Transcribe only the stretch of lines that opens with the line containing "Učili jsme se" and closes with the last line of the listing, skipping pictures.

— PROVIDED DATA —
----
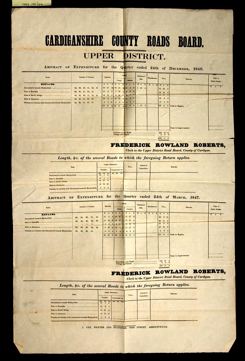 1996.231/73 (1 - 2 of 2). Brown card folder with title 'Tregaron Check. Starters from Cardiff & swansea' typed and handwritten on the front. Contains one entry form, black print on pink paper with details filled out in ink, 1938.
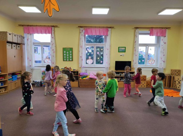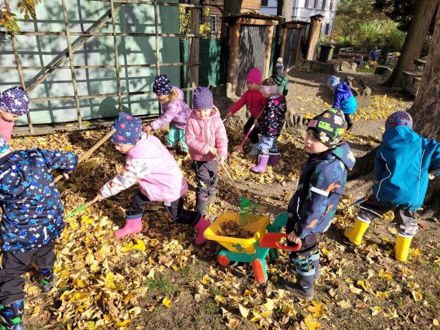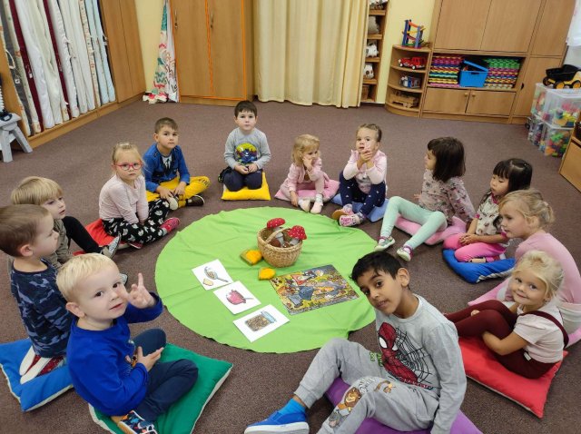 Učili jsme se poznávat houby, stromy. Zpívali jsme a tančili s veverkami. Hrabali spadané listí na zahrádce.
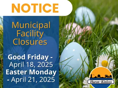 The Municipal Office and Ripley-Huron Community Centre will be closed Friday April 18th and Monday April 21st. The Huron Landfill will be closed Friday April 18th and Saturday April 19th. Please plan accordingly.
----
— RESPONSE AREA —
 Učili jsme se poznávat houby, stromy. Zpívali jsme a tančili s veverkami. Hrabali spadané listí na zahrádce.
 The Municipal Office and Ripley-Huron Community Centre will be closed Friday April 18th and Monday April 21st. The Huron Landfill will be closed Friday April 18th and Saturday April 19th. Please plan accordingly.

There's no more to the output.